=== RECORDED INFORMATION ===
*** Begin section ***

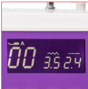
Backlit LCD Screen with 200 Built-in Stitch Options
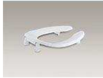
Elongated toilet seat with 1" bumpers and anti-microbial agent K-4679-CA-0
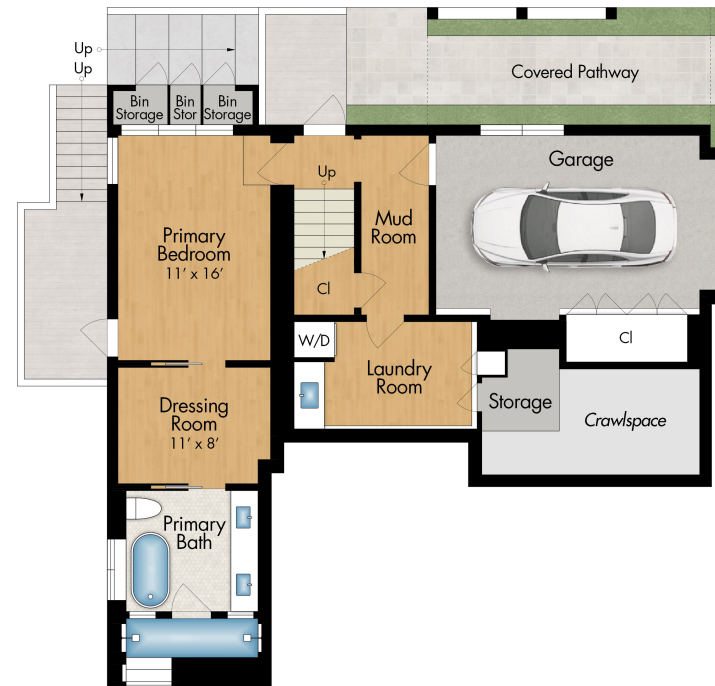
Lower Level 747 SQ FT Plus Garage: 331 SQ FT Plus Storage: 30 SQ FT
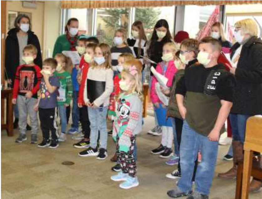
Student's and teachers from St. Paul's School in Plymouth came caroling.
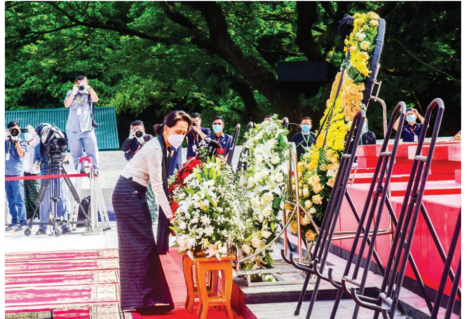
State Counsellor Daw Aung San Suu Kyi, daughter of Bogyoke Aung San, lays the wreaths paying tribute to Bogyoke Aung San and martyrs at the Martyrs' Mausoleum in Yangon on 19 July 2020.

*** End section ***

Whatever pictures the entries contain, omit them, and write the rest out exactly.

Backlit LCD Screen with 200 Built-in Stitch Options
Elongated toilet seat with 1" bumpers and anti-microbial agent K-4679-CA-0
Lower Level 747 SQ FT Plus Garage: 331 SQ FT Plus Storage: 30 SQ FT
Student's and teachers from St. Paul's School in Plymouth came caroling.
State Counsellor Daw Aung San Suu Kyi, daughter of Bogyoke Aung San, lays the wreaths paying tribute to Bogyoke Aung San and martyrs at the Martyrs' Mausoleum in Yangon on 19 July 2020.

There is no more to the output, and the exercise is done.